Лицо моего собеседника вдруг становится серьёзным.

— Э, н-н-е-е-т! — грустно тянет он, — сказано, что господь сотворил мир… но при этом нигде и никогда не упоминается об отсутствии в этом мире некой независимой системы, распределяющей необъяснимую удачу и сопутствующие ей блага. Мне приходилось знавать «бесбашенных» особей, вызывающе не верящих в бога и вполне достойных господнего наказания за совершаемые поступки.

И тем не менее они перманентно пребывали в координатах необъяснимого везения, обеспечивающего не только сохранность их жизни, но и доход, определяющий её непревзайдённое качество. И в то же время существует достаточно ситуаций, в которых верующие люди ломают ноги и теряют очень многое на абсолютно ровной дороге. Однако господь ничего для них не меняет. Когда ты произносишь «судьба от бога
», это звучит наивно-беллетристически. Используя мой термин «некая система», я констатирую однозначный околонаучный факт!

— Ну ладно, — слегка улыбаюсь я, — давай несколько приземлим тему, а вернее — приводним. Скажи ка, вот ты — опытный яхтсмен… крейсерский гонщик. Именно в этом аспекте гены могут передаться твоему потомству?
Мой собеседник снисходительно кривится, понимая, что я его провоцирую.

— Думаю, в этом случае сработает общее обучение управлению парусами и… тривиально-вербальная передача опыта. Естественно, демонстрация всевозможных наработок, как в эксплуатации особенностей конкретной лодки, её гардероба, так и в использовании специфики метеоусловий.

— Ну, а что бы ты поставил во главе угла на своём борту? — не унимаюсь я.
— Как и любой адекватный капитан, — безопасность!
— Безопасность… чего? — интересуюсь, хорошо зная его приверженности и предпочтения.

Он вяло морщится, разглядывая немногочисленных посетителей.
— Ну... начиная с общей безопасности штормового плавания и работы экипажа, непосредственно яхтенного борта и… заканчивая безопасностью пальцев каждого матроса и дельных вещей на палубе.

Я тихо смеюсь:
— Слушай... ты совсем непробиваемый. Всё, как по-писанному, будто учебник читаешь.
— А ты полагал, я начну оригинальничать? Всё сказано задолго до меня! И не просто сказано, а пережито, пройдено и подтверждено на практике в авариях и крушениях! Очевидно тебе известно некое учреждение под названием МОРГ?

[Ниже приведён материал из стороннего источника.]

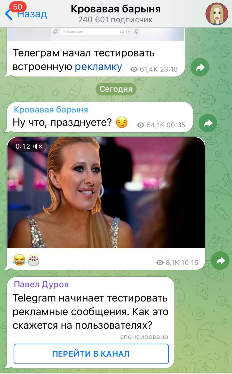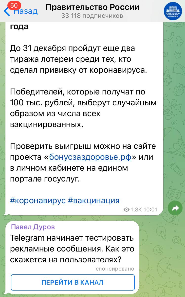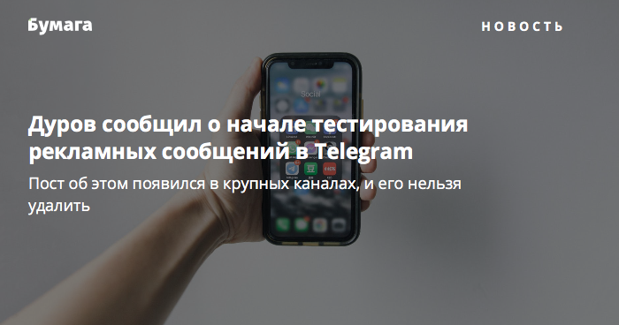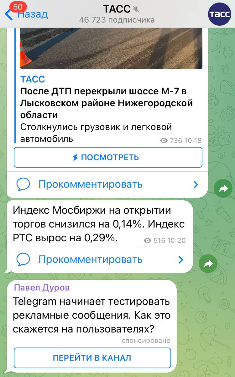 Telegram запустил тестирование рекламы. Пост об этом появился в крупных каналах со ссылкой на основателя мессенджера Павла Дурова.

Молча пытаюсь сообразить какую же оригинальную мысль решил озвучить мой собеседник.
— Правильно, — горячо продолжает он, — эта аббревиатура обозначает не что иное как «Место Окончательной Регистрации Граждан». А что такое  моря, покрывающие наш земной шар? — снова следует вопрос.
— Моря... моря... — ну, это, когда морей как минимум два или несколько— заинтригованно бормочу я в ответ.
— Так вот, запомни до конца своей жизни, посланные нам МОРЯ — это, увы, «Места Окончательной Регистрации Яхтсменов»,  поучительно-мрачно хохочет слегка захмелевший от пива яхтсмен, довольный своим каламбуром, — Ну как, согласен?    

— Ну, ладно, сдаюсь! Не убеждай своего единомышленника. Скажи лучше, что для тебя главное в лодке и экипаже перед дальним походом?
— Да то же самое, что и для всех мореходов: в лодке — надёжность, в экипаже — совместимость!
Он показывает официантке пустой бокал и вдруг тут же лезет под стол за упавшей зажигалкой.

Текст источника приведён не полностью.